LC alum works to declassify secret government documents

Photo courtesy of Nate Jones

Nate Jones ’05, the recipient of the 2019 Outstanding Young Alumnus Award, stumbled upon an enigma while writing his history thesis at Lewis & Clark. This led to a career fighting government secrecy, first at the National Security Archive (NSA) and now at The Washington Post. 

His thesis focused on the 1983 Able Archer nuclear scare, an annual NATO exercise that almost triggered a nuclear war. His aim was to show how dangerous this scare actually was, but he met a roadblock: the information he needed was in a classified government report.

Jones soon found himself immersed in the world of the Freedom of Information Act (FOIA), a 1967 legislation that gives the public the right to request nonexempt records from any federal agency. Jones filed his first FOIA request while at LC, and while this request did not go anywhere at the time, it led him to a career where he files FOIA requests on a daily basis.

“So the irony is if they’d just given me the dang document the first time, I wouldn’t have helped file thousands more (FOIA requests),” Jones said.

After graduating, Jones kept digging for the Able Archer information and found the NSA (the National Security Archive), a Washington D.C.-based nonprofit that fights for the public release of secret government documents. He worked his way up and soon became the FOIA director at the NSA, where about 2,000 FOIA requests are filed a year. But he never stopped fighting for the information he wanted about the Able Archer scare.

“About 10 years later, on my birthday, I got a big package of this key document and then eventually turned it into a book and finished off what started at the beginning at Lewis & Clark,” Jones said.

Jones’ book, entitled “Able Archer 83: The Secret History of the NATO Exercise That Almost Triggered Nuclear War,” came out in 2016, and highlighted how worried policymakers at the time were about accidental nuclear war. Jones said that this event affected President Ronald Reagan’s thinking about nuclear weapons and the Cold War.

“Government people on the inside have said to me many times, ‘I can’t believe you actually got that declassified. We thought that they would be secret forever,’” Jones said. “There’s still a debate on how dangerous it was, but what’s not in debate was that policymakers knew this happened and many were worried about it.”

Although he is still a research fellow at the NSA, Jones recently transitioned to The Washington Post, where he is the first FOIA director.
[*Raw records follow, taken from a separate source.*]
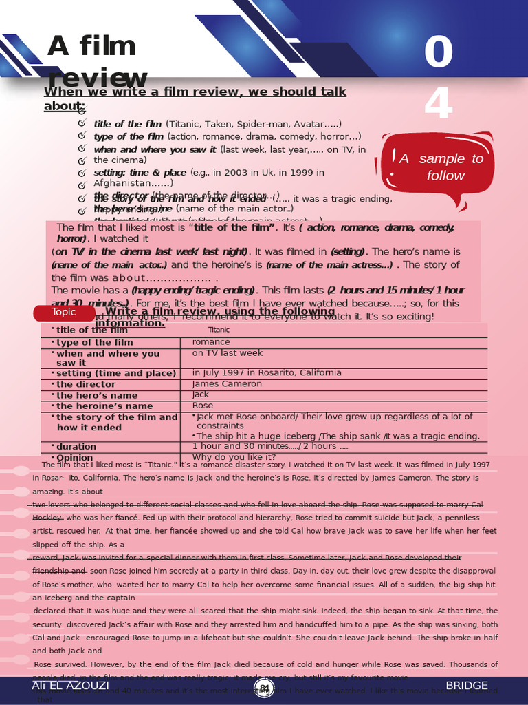 Bac2 : Film Review Writing, Simplified Planning & Practice - MoroccoEnglish
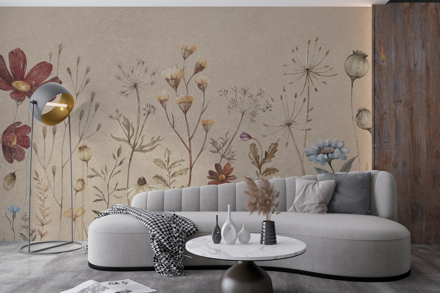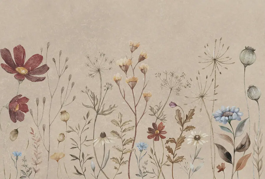 Stellen Sie sich vor, Sie betreten Ihr Zimmer und haben sofort das Gefühl, in einem verträumten Garten zu sein. Das ist es, was die Fototapete “Whimsical Garden of Delicate Blooms” bewirkt. Es verwandelt jeden Raum in eine heitere, blühende Oase. Dieses Wandbild ist wie eine sanfte Umarmung für Ihre Wände und perfekt für Naturliebhaber oder alle, die einen Hauch von Laune brauchen. Die erdigen Töne und die zarten Wildblumen verleihen dem Bild einen beruhigenden und zugleich charmanten Charakter. Es eignet sich ideal für Wohn- und Schlafzimmer oder sogar für eine gemütliche Ecke, in der Sie Ihren Morgenkaffee schlürfen. Es ist die Art von Dekoration, die Ruhe ausstrahlt und Sie jedes Mal zum Lächeln bringt, wenn Sie es sehen.
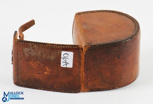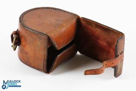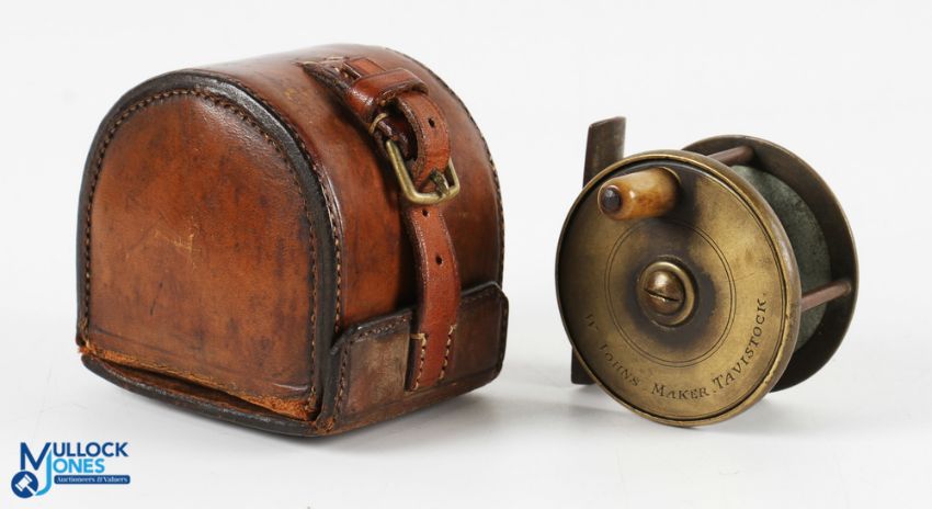 Scarce W Johns Maker Tavisock brass trout fly reel, 2 ¼" spool with polished horn handle, constant check, 3 pillar frame with correct bridge foot. In block leather D case with wine lining, replaced strap and buckle

The Post is trying to bring more rigor into its FOIA requests, so Jones is working with reporters to target documents to request, appeal and sue for. He is also helping them overcome bureaucratic resistance such as delays and over redactions. 

Even though there is a 20-day deadline for agencies to respond to FOIA requests, they rarely meet this deadline — the oldest FOIA request, still not met, is over 20 years old. According to Jones, in over a third of all FOIA appeals, more information is released, but just 1% of all FOIA requests are appealed. Although these problems have always been there, Jones said they have generally gotten worse under the Trump administration due to neglect and lack of attention. 

Jones emphasizes pressuring federal agencies with appeals and lawsuits. He oversees a newsroom-wide system to track FOIA requests.

“So at The Post, we’re trying to change the culture so that anytime that there’s a denial, we don’t take that at face value,” he said. “We appeal and then maybe sue … and the good news is that you can win.”

As a success story, Jones cited the Post’s recent reporting on the Afghanistan Papers, previously secret documents that reveal high-ranking officials’ pessimistic views on the Afghanistan War.

Essentially, the Post filed a FOIA lawsuit and used some National Security Archive documents and ultimately created a story showing that the government’s official rosy posture on the Afghanistan war was a lie and that they were losing the war and saying that they were winning the war to this day.”

Although Jones self identifies as more of a historian than a journalist, he said there is a synergy between the two professions. He hopes to continue helping reporters at the Post uncover stories like the Afghanistan Papers.

“There’s a lot of evils in the world and one small one that I like fighting is government secrecy,” Jones said. “I think that most of the time, not always, but most of the time when the government says that something is secret, probably the public should have the right to know it … FOIA is one tool in fighting the government to empower the citizenry and know what our government knows.”

Jones said that this kind of thinking was instilled in him during his time at LC: he learned to question and fight authority.

“I think that what I’m kind of realizing looking back — I graduated almost 15 years ago — is that I did learn here that I actually really did like fighting — fighting the government, fighting for what’s right, fighting authority … using bureaucratic warfare to force the government to give secrets.” 

Jones received the Outstanding Young Alumnus Award on Feb. 21 for his efforts advocating for public access to government information.